*PROVIDED RECORDS:*
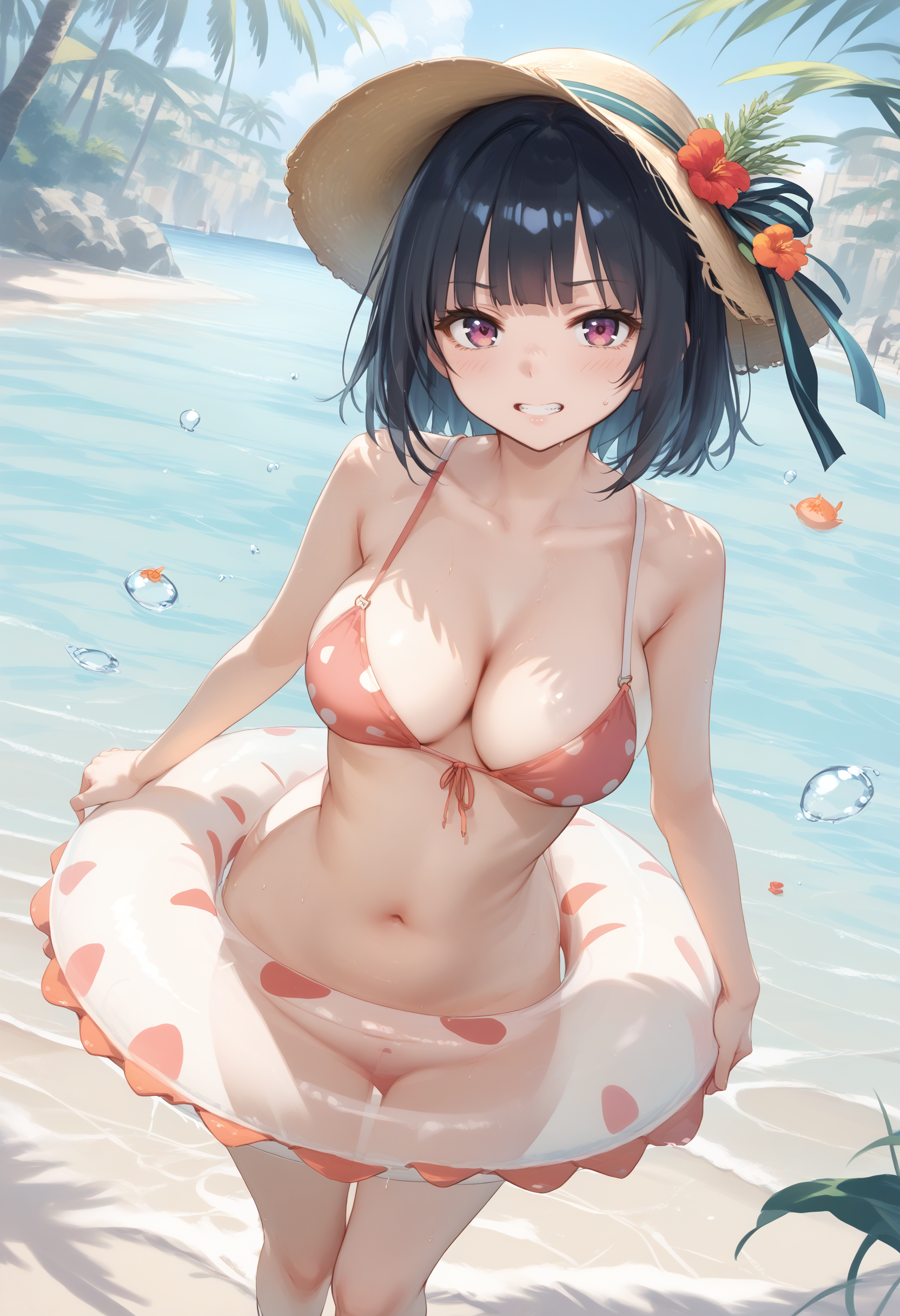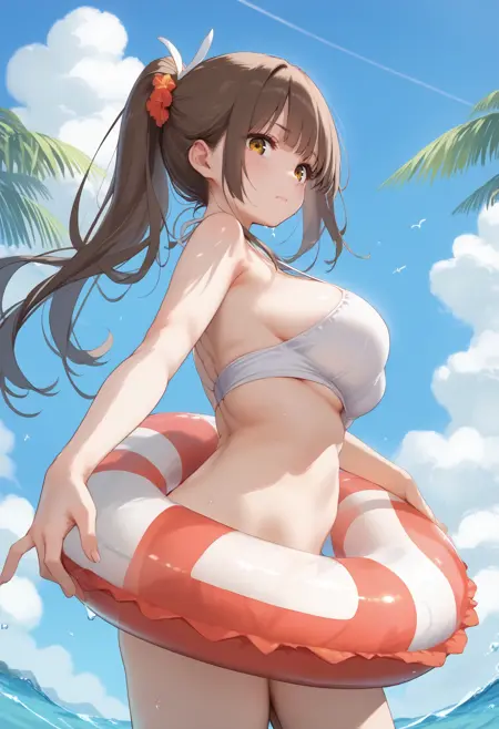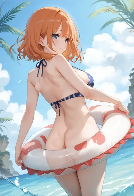 除了触发词外,加入“swim ring”、“holding swim ring”等词可能会使效果更真实。
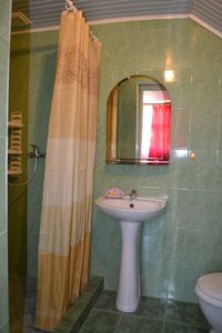 Так же имеются три бюджетных номера с удобствами на этаже (т. Е. Общий санузел, в комнате кровать, тумбочка, гардероб, вентилятор, спальные принадлежности, полотенца).
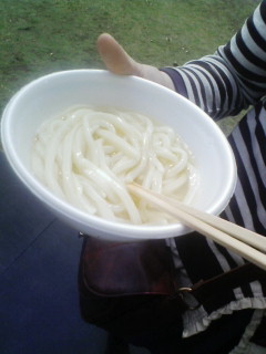 本場のうどんですぞ!しかもこれタダ!タダで1杯もらったあるよ!翌々日からある丸亀城お城祭りに出る「宮武うどん」ってところが釜の調子見るためにたまたま作ってて、そこをたまたま通りかかったらタダで食べさせてもらえたんですな。やっほい。しかも、この宮武うどんさんって幻のうどんらしい(笑)伝説の大将が打つ幻のうどん・・・・なんかすげぇな(汗)うどんなのに格調高く聞こえるのは四国クオリティだからでしょうか。でもやっぱ旨かった!麺の固さもダシの味もど真ん中やった!ぬるかったけど!このうどんはもっかい食べたいと思った!幻のうどんだからもう2度と食べることはないでしょうが・・・・。あ、お城祭りでもこれ抽選で当たった人しか食べれなかったそうな。なんたる幸運。
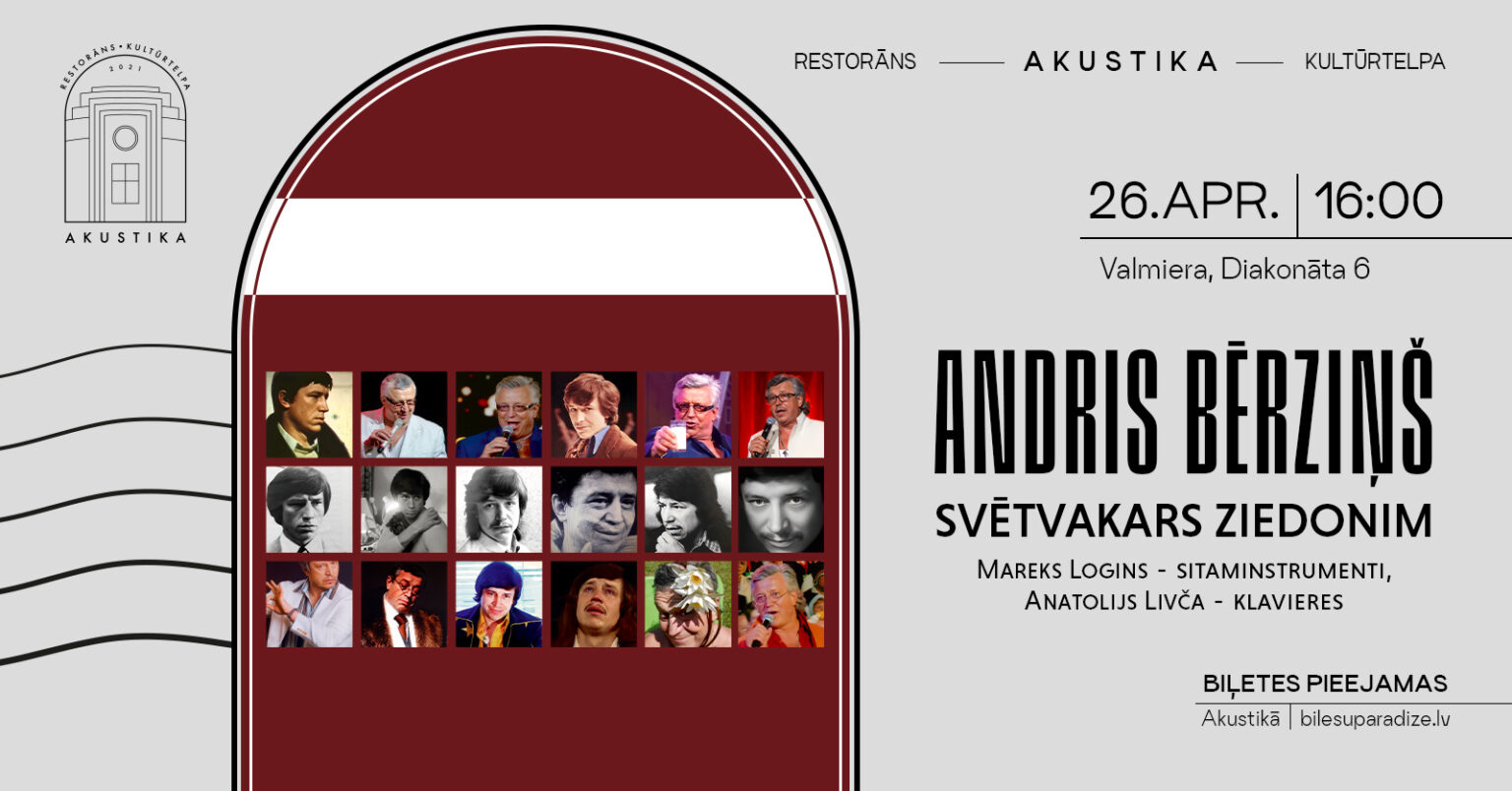 “It is created as a mirror of my work, in which the songs close to my soul are selected. This program does not require any comments, because it concentrates compositions that have proven themselves in time and space. The concert will feature my hits, including 11 pieces by Raimonds Pauls, which Maestro has presented to me – I am very happy about it. A sacred evening is a moment where you can meet people who respect you and love you” says Andris Bērziņš before the upcoming concerts. The artist will perform together with the accompanying musicians – pianist Anatolijs Livčs and the permitorists Mareks Logins “Svētvakars”, “Mēmā dziesma”, “Dzeguze balss”, “Spoka dziesma”, “Gampulks”, “Rudens ogle”, “I will sit on the roof tonight”, etc. The concert will be complemented by Imants Ziedonis’ epiphany and Jānis Peters’ poetry “I Love You”, which will be heard as a special tribute to all women of Latvia.
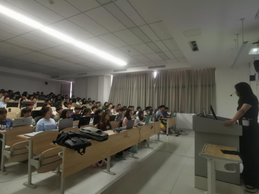 5月30日下午,数字经济学院邀请完美世界教育公司皮晓霞、于杰、孙家龙、杨琳老师一行4人到勤学楼11A403开展专题讲座,虚拟现实技术应用(以下简称“VR”)专业大二学生150余人参加,讲座由VR专业教师肖恺林主持。
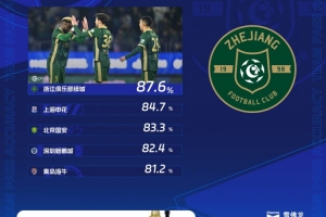 体育资讯4月3日讯 中超联赛官方公布第4轮传球成功率排行榜。在对阵深圳新鹏城的比赛中,浙江队的传球成功率为87.6%,位列本轮第一。
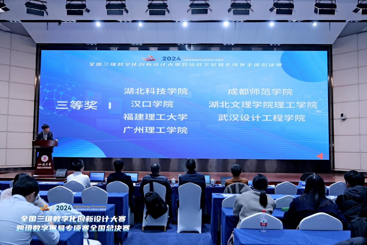 本网讯(通讯员 朱江月)2024年12月7日,第17届全国三维数字化创新设计大赛跨境数字贸易专项赛全国总决赛在四川成都的四川大学开幕。此次赛事为期2天,来自全国的34支队伍晋级全国总决赛,其中22所公司的24支队伍参与了线下总决赛的角逐。此赛事为入选教育部中国高等教育学会发布的《全国普通高校学科竞赛排行榜》赛项。
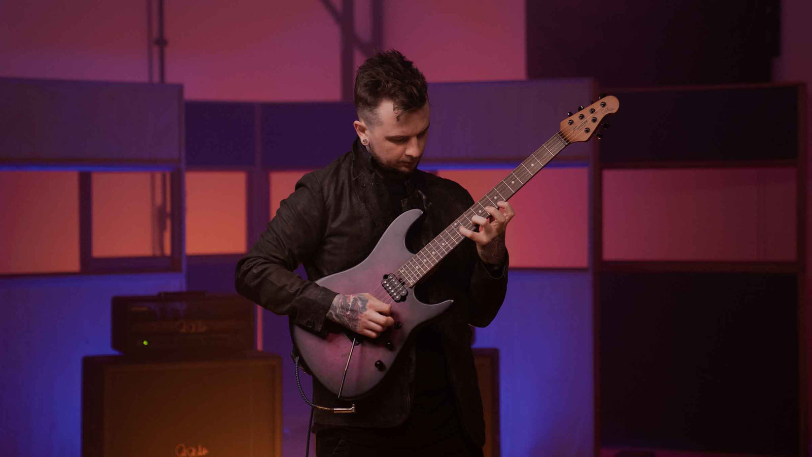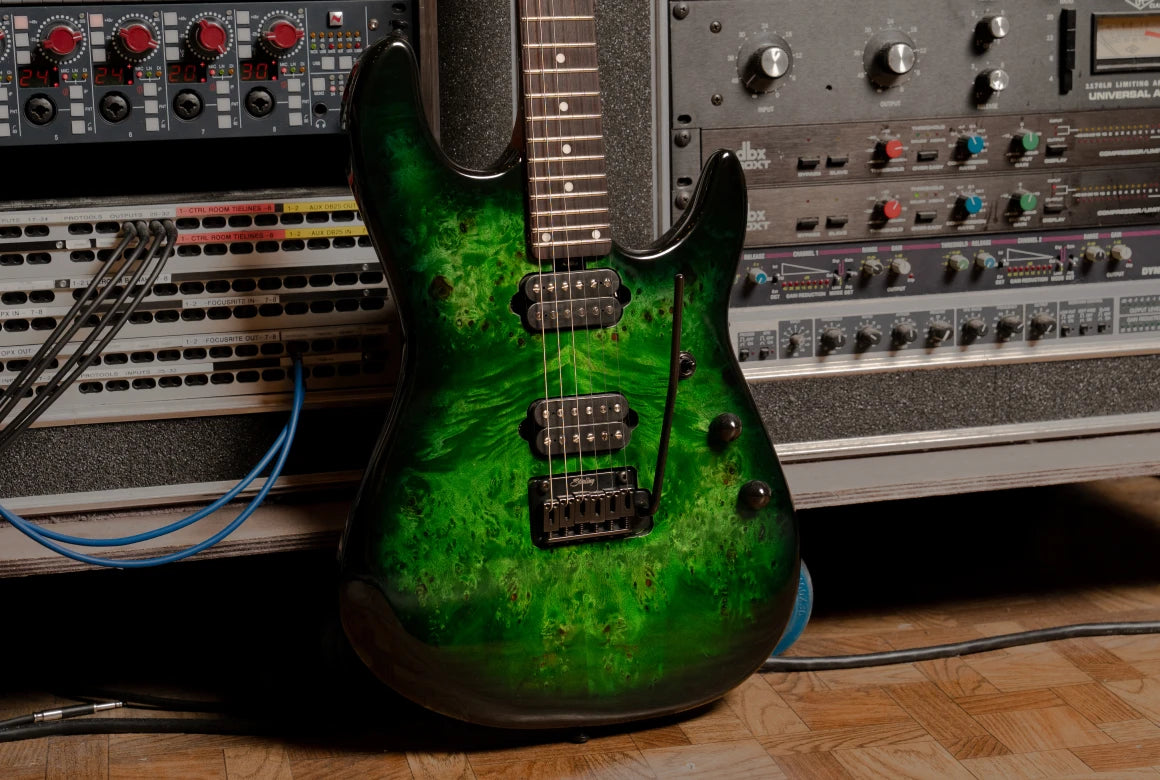 Built for high-performance playing, the smooth roasted maple neck, rosewood fingerboard, locking tuners, and modern tremolo support fast, expressive technique.

*EXERCISE DIRECTIONS:* Your answer must be an exact transcription of every entry, minus the pictures.

*FINAL ANSWER:*
 除了触发词外,加入“swim ring”、“holding swim ring”等词可能会使效果更真实。
 Так же имеются три бюджетных номера с удобствами на этаже (т. Е. Общий санузел, в комнате кровать, тумбочка, гардероб, вентилятор, спальные принадлежности, полотенца).
 本場のうどんですぞ!しかもこれタダ!タダで1杯もらったあるよ!翌々日からある丸亀城お城祭りに出る「宮武うどん」ってところが釜の調子見るためにたまたま作ってて、そこをたまたま通りかかったらタダで食べさせてもらえたんですな。やっほい。しかも、この宮武うどんさんって幻のうどんらしい(笑)伝説の大将が打つ幻のうどん・・・・なんかすげぇな(汗)うどんなのに格調高く聞こえるのは四国クオリティだからでしょうか。でもやっぱ旨かった!麺の固さもダシの味もど真ん中やった!ぬるかったけど!このうどんはもっかい食べたいと思った!幻のうどんだからもう2度と食べることはないでしょうが・・・・。あ、お城祭りでもこれ抽選で当たった人しか食べれなかったそうな。なんたる幸運。
 “It is created as a mirror of my work, in which the songs close to my soul are selected. This program does not require any comments, because it concentrates compositions that have proven themselves in time and space. The concert will feature my hits, including 11 pieces by Raimonds Pauls, which Maestro has presented to me – I am very happy about it. A sacred evening is a moment where you can meet people who respect you and love you” says Andris Bērziņš before the upcoming concerts. The artist will perform together with the accompanying musicians – pianist Anatolijs Livčs and the permitorists Mareks Logins “Svētvakars”, “Mēmā dziesma”, “Dzeguze balss”, “Spoka dziesma”, “Gampulks”, “Rudens ogle”, “I will sit on the roof tonight”, etc. The concert will be complemented by Imants Ziedonis’ epiphany and Jānis Peters’ poetry “I Love You”, which will be heard as a special tribute to all women of Latvia.
 5月30日下午,数字经济学院邀请完美世界教育公司皮晓霞、于杰、孙家龙、杨琳老师一行4人到勤学楼11A403开展专题讲座,虚拟现实技术应用(以下简称“VR”)专业大二学生150余人参加,讲座由VR专业教师肖恺林主持。
 体育资讯4月3日讯 中超联赛官方公布第4轮传球成功率排行榜。在对阵深圳新鹏城的比赛中,浙江队的传球成功率为87.6%,位列本轮第一。
 本网讯(通讯员 朱江月)2024年12月7日,第17届全国三维数字化创新设计大赛跨境数字贸易专项赛全国总决赛在四川成都的四川大学开幕。此次赛事为期2天,来自全国的34支队伍晋级全国总决赛,其中22所公司的24支队伍参与了线下总决赛的角逐。此赛事为入选教育部中国高等教育学会发布的《全国普通高校学科竞赛排行榜》赛项。
 Built for high-performance playing, the smooth roasted maple neck, rosewood fingerboard, locking tuners, and modern tremolo support fast, expressive technique.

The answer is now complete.